5 questions facing gene therapy in 2021 – BioPharma Dive

Three years ago, the Food and Drug Administration granted a landmark approval to the first gene therapy for an inherited disease, clearing a blindness treatment called Luxturna.

Since then, the regulator has approved one more gene therapy,the spinal muscular atrophy treatment Zolgensma, and given a green light for dozens of biotech and pharmaceutical companies to start clinical testing on others. Genetic medicines for a range of diseases, including hemophilia, sickle cell and several muscular dystrophies, appear in reach, and new science is galvanizing research.

But, entering 2021, the gene therapy field faces major questions after a series of regulatory and clinical setbacks have shaded optimism. "The ups and downs of adolescence are on full display" analysts at Piper Sandler wrote in September, summing up the state of gene therapy research.

Here are five questions facing scientists, drugmakers and investors this year. How they're answered will matter greatly to the patients and families holding out hope for one-time disease treatments.

The FDA was widely expected last year to approve a closely watched gene therapy for hemophilia A, the more common type of the blood disease. Instead, the agency in August surprisingly rejected the treatment, called Roctavian, and asked its developer, BioMarin Pharmaceutical, to gather more data.

The next day, Audentes Therapeutics reported news came a third clinical trial participant had died after receiving the biotech's experimental gene therapy for a rare neuromuscular disease. The tragedy brought flashbacks to past safety scares in gene therapy, although the current wave of treatments being tested have generally appeared safe.

A little less than five months later, the gene therapy field is grappling with two more setbacks. UniQure is exploring whether a study volunteer's liver cancer was caused by its gene therapy for hemophilia B. And Sarepta, one of the sector's top developers, faces significant doubts about its top treatment for Duchenne muscular dystrophy after disclosing a key study missed one of its main goals.

In each case, the drugmakers involved offered explanations and reasons for optimism. BioMarin still expects to obtain an approval; Audentes' trial is now cleared by the FDA to resume testing; UniQure thinks it's unlikely the cancer case is linked to treatment; and Sarepta argued its negative data were the product of unlucky study design.

But taken together, the developments are powerful reminders of both the stakes and uncertainty still facing gene therapy.

All four events also highlighted lingering worries about one-time genetic treatment. In rejecting Roctavian, for example, the FDA seemed to be concerned the impressive benefit hemophilia patients initially experienced may wane over time. The deaths in Audentes' study, meanwhile,renewed warnings about extremely high doses of gene therapy. Researchers have long watched for evidence that replacing or altering genes may cause cancer to develop in rare instances, particularly after four infants developed leukemia in a gene therapy study in the early 2000s.And Sarepta's negative findings were surprising because early signs of dramatic biological benefit that didn't seem to translate into clear-cut functional gains for all patients.

Experts are still confident gene therapy can deliver on its promise.
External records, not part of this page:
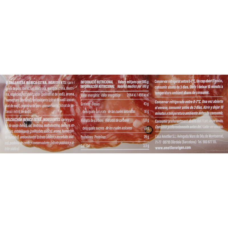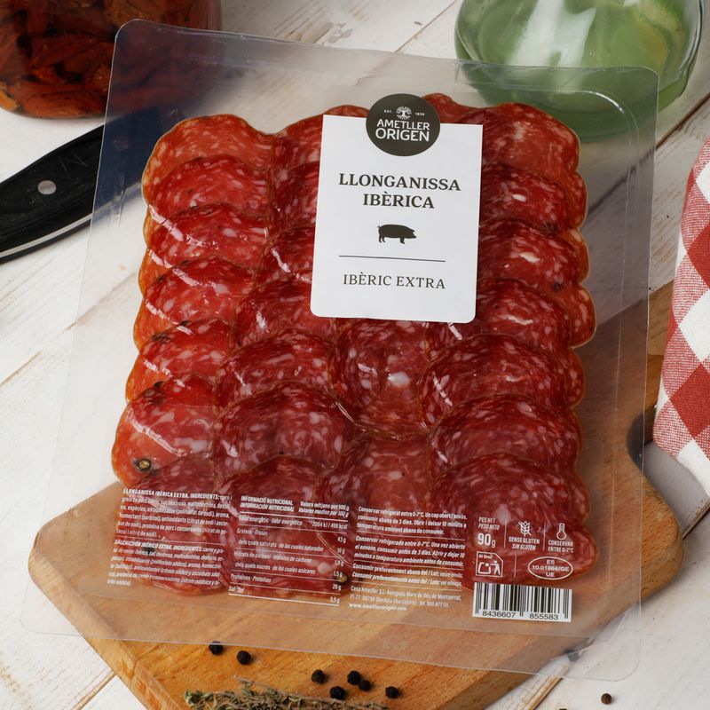 Carn i xarcuteriaXarcuteria envasadaLlonganissa ibèrica extra Ametller Origen 90g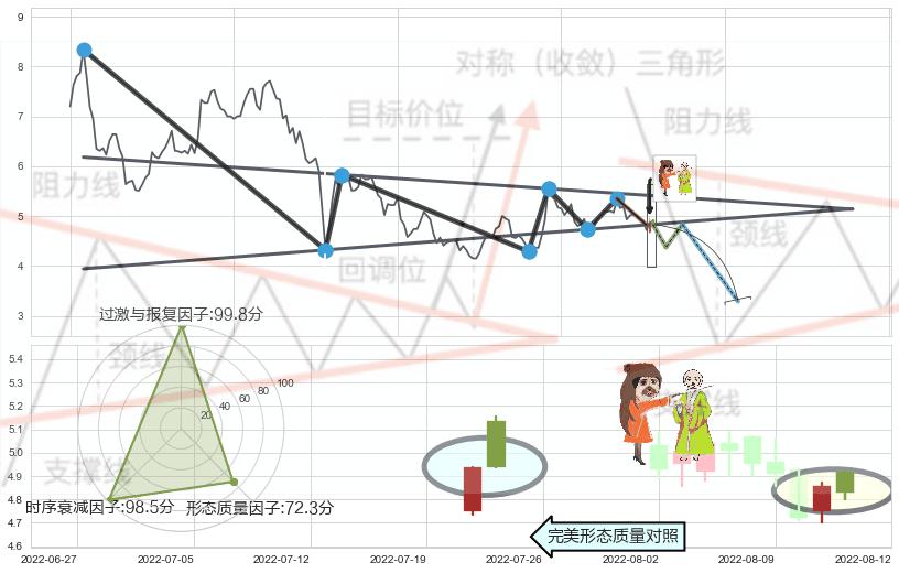 ➢ 【卖1】: 激进型 卖点→(2022-08-10: 4.82 )形成突破下降【对称】三角形整理【整理】形态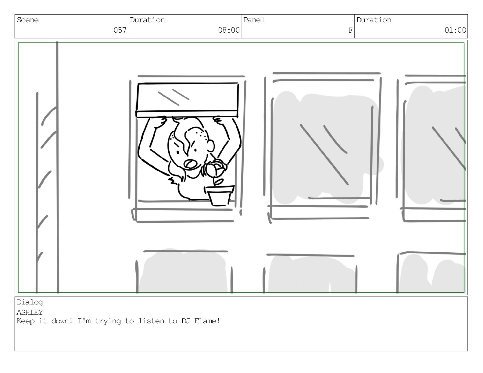 Scene 057 Duration 08:00 Panel E Duration 01:00 Dialog ASHLEY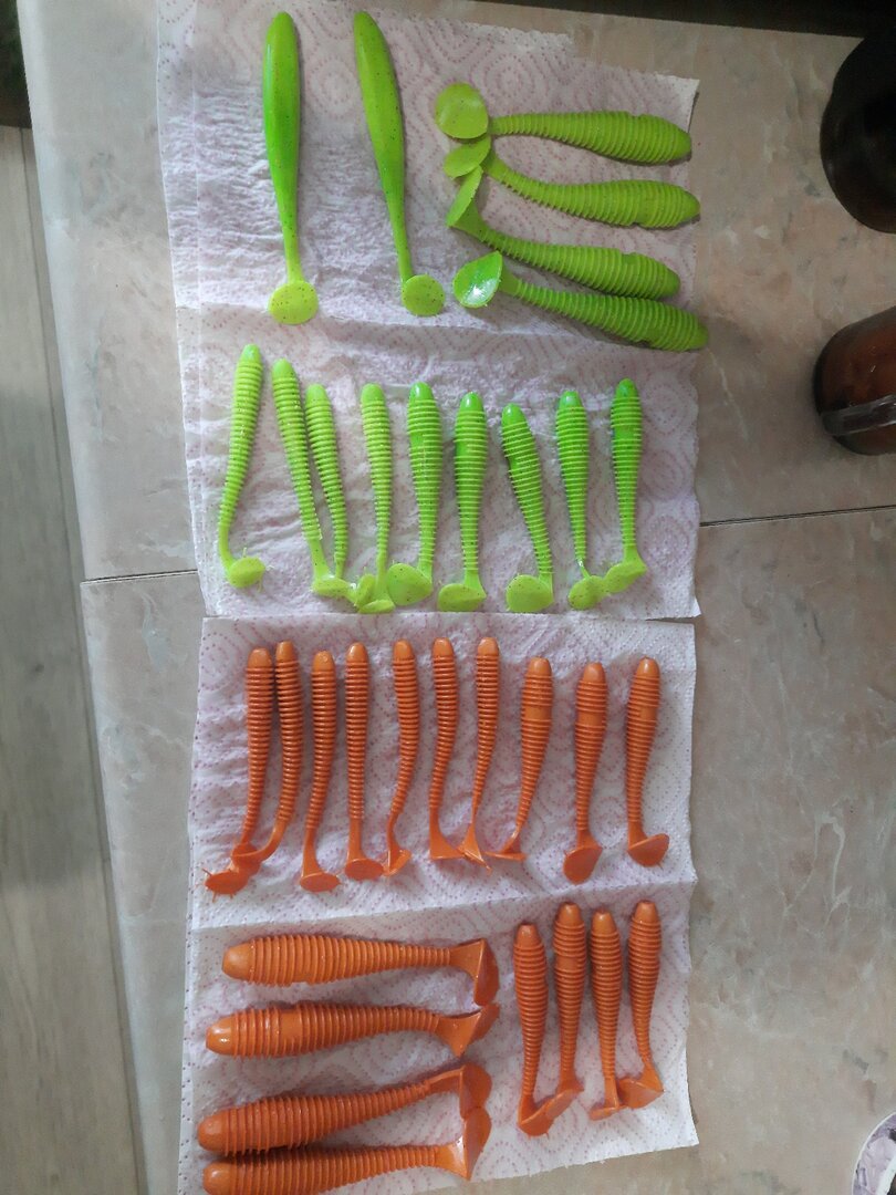 Силикон лью сам. Все расходники, а это Силикон, формы,шприц,пигмент и атрактанты брал на сайте купиджиг. Силикон многоразовый. Теперь безхвостые приманки идут в переработку. Вторичная перегонка силикона достойного качества получается. На нижнем фото вторичка. На верхнем первый отлив.

Bu recent events suggest getting there may take a bit longer than some expected.

"The process is the product," is an often-used cliche about gene therapy, which are complex treatments with exacting manufacturing standards.

Most of the roughly 60,000 pages in Spark Therapeutics' application for approval of Luxturna, for instance, involved what's known in the industry as "chemistry, manufacturing and controls."

The therapeutic basis for gene therapy, by contrast, is much clearer for many of the rare, monogenic diseases that developers are targeting. If mutations in a single gene lead to disease, replacing or otherwise fixing that gene should have a large benefit.

"Genetic medicine is not industrialized serendipity," said Gbola Amusa, an analyst at Chardan, contrasting gene therapy with chemical-based drugs."It often is an engineering question."

In 2020, the FDA gave ample notice that it's watching gene (and cell) therapy manufacturing closely.Sarepta,Voyager Therapeutics,Iovance Biotherapeuticsand Bluebird biowere all forced to revise their development timelines after the agency asked for new details about production processes.

"The FDA is saying to companies that you've got to up your standards," Amusa added.

For their part, FDA officials have indicated the spate of data requests are a product of the sharply higher numbers of companies advancing through clinical testing.

While setbacks have piled up for therapies that seek to replace genes, 2020 was a "transformative year" for therapies designed to edit them, according to Geulah Livshits, an analyst at Chardan.

CRISPR gene editing, already widely recognized as a scientific breakthrough, gained further prestige with the awarding of the Nobel Prize in Chemistry to two early pioneers, Jennifer Doudna and Emmanuelle Charpentier.

But the year also brought important progress from early biotech adopters.Editas Medicine and Intellia Therapeutics, for example, notched CRISPR firsts with use of the editing technology inside the human body.

And CRISPR Therapeutics and partner Vertex showed their experimental therapy, which uses CRISPR to edit stem cells, worked exceptionally well in the first 10 patients with either sickle cell disease or beta thalassemia treated in two early studies.

The data are the most concrete sign yet that CRISPR's clinical use can live up to its laboratory promise. While all three companies' therapies are still in early stages, their advances have ginned up substantial investor enthusiasm.

Together, the market value of CRISPR Therapeutics, Editas and Intellia totals nearly $25 billion. Beam Therapeutics, a startup that uses a more precise form of gene editing, is worth nearly $6 billion.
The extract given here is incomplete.